Les athlètes britanniques, qui participeront aux jeux Olympiques de Pékin en août, doivent signer un contrat dans lequel ils s'engagent à ne pas s'exprimer sur des sujets politiques sensibles, indique dimanche l'hebdomadaire britannique Mail on Sunday.
Les athlètes "ne doivent faire de commentaire sur aucune question politique sensible", ce qui inclurait les droits de l'Homme en Chine, précise une nouvelle clause du contrat de 32 pages, citée par le journal.
Des groupes de défense des droits de l'Homme ont accusé les autorités olympiques britanniques de trahir l'esprit des Jeux et les ont appelées à changer leur position.

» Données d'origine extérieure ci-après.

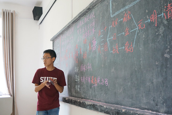 短暂休整后,实践队员立刻行动起来,张贴宣传海报,熟悉教室设施。第二天,支教活动正式开展。队员们制定了“缤纷课堂,梦想起航”支教计划,人文精神和学科知识并重,通过“课上系统、拓展性教学,课下自由、辅助性阅读”,帮助孩子们充实学科知识,提高人文素养,探索人生理想。
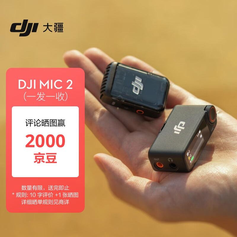 大疆DJI Mic 2(一发一收) 专业音质无线麦克风 直播降噪收音麦 手机相机收音器蓝牙一拖一领夹麦价格:1499.00元!
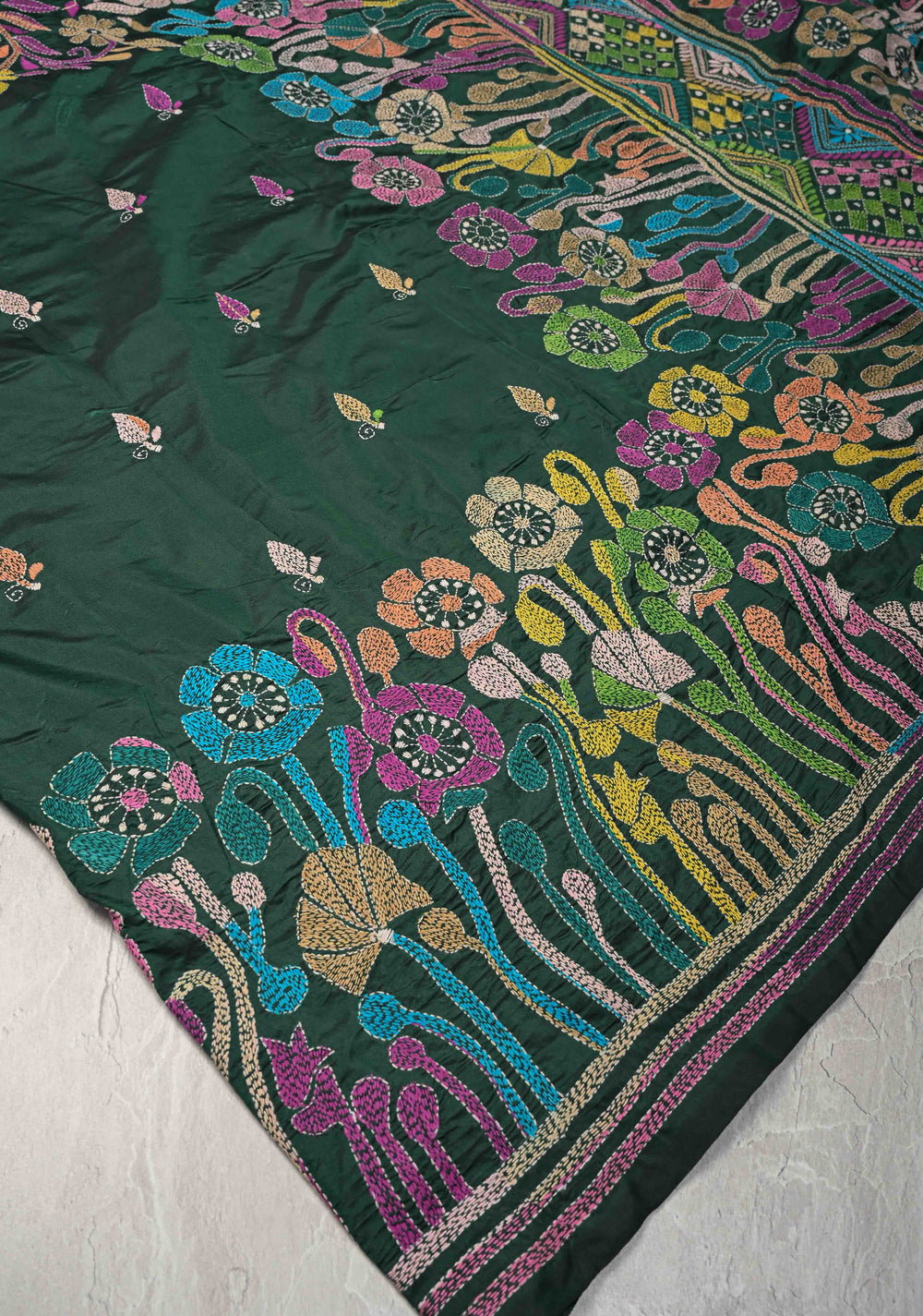 Emerald Green Art Silk Saree with Kantha Hand Embroidery Design
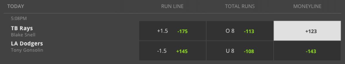 After the Dodgers bounced back in Game 5, from a stunning 8-7 loss in Game 4, the Rays need to do the same in order to force Game 7. The pitching matchup favors Tampa Bay as Snell has given up two runs or less in four of five playoff starts. Los Angeles outscoring Tampa Bay by a 29-21 margin, during the first five games, is a concern here. The Rays have shown lots of fight and the Tampa Bay moneyline price at DraftKings is my play on Game 6 of the World Series.
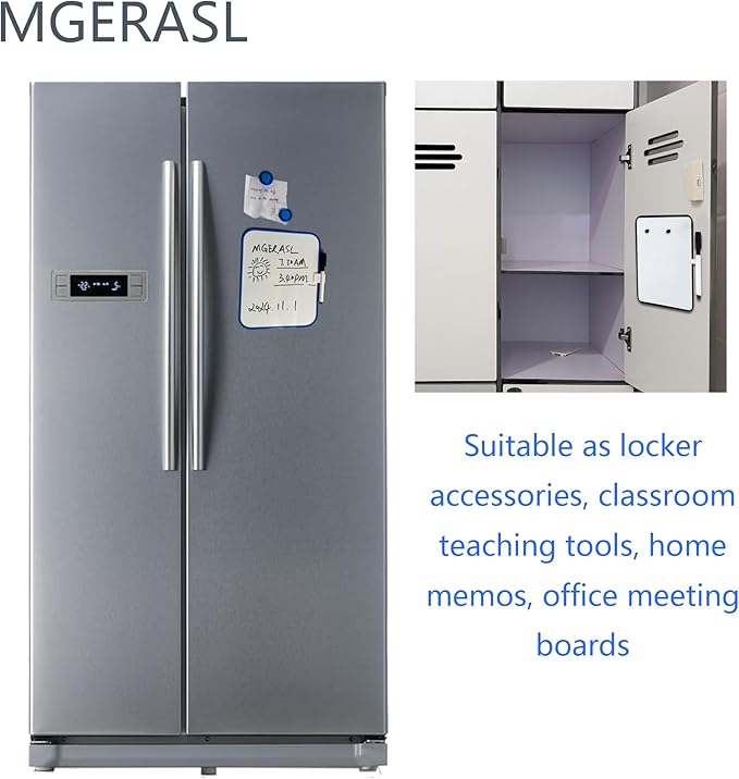 - Applicable to multiple scenarios: MGERASL magnetic whiteboard is designed to be suitable for a variety of environments such as school lockers, homes, offices, etc., and can meet the different needs of students and office workers. Whether it is memos, plans, study, meetings or creative drawings, it can be used flexibly

Le Comité olympique britannique (BOA), interrogé par le Mail on Sunday, a confirmé que les athlètes qui ne signeront pas cet engagement ne pourront pas se rendre à Pékin, selon le journal.
Mais, dimanche, le BOA a démenti vouloir censurer les athlètes.

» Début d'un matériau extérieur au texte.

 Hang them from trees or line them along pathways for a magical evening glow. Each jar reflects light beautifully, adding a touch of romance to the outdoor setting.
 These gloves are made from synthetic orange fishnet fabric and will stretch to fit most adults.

"Nous n'essayons pas d'interdir à nos athlètes de faire des commentaires ou de débattre", a déclaré un porte-parole du Comité olympique britannique.
"Si on pose une question directe à une personne et qu'elle y répond, il n'y a pas de problème", a-t-il dit, tout en relevant qu'il serait malvenu que des athlètes se servent des Jeux comme d'une tribune.
L'introduction de cette nouvelle clause vise à éviter des manifestations telles que celles organisées par les mouvements de défense des droits civils aux Jeux de Mexico en 1968, a-t-il précisé.
Le contrat que les athlètes doivent signer fait aussi référence à la section 51 de la charte du Comité international olympique (CIO) "qui n'autorise aucune sorte de manifestation, ou de campagne politique, religieuse ou raciale sur les sites olympiques."
"En Chine, les gens ne peuvent pas s'exprimer sur les droits de l'Homme sans craindre des représailles. En Grande-Bretagne, on peut le faire", a relevé le responsable des campagnes d'Amnesty International, Tim Hancock.
Il a qualifié la démarche du BOA de "décevante". "Dans un esprit de dignité humaine, les athlètes britanniques devraient pouvoir exprimer librement leurs opinions sans le risque ou la menace d'être expulsés de l'équipe olympique pour les Jeux de Pékin de 2008", a-t-il observé.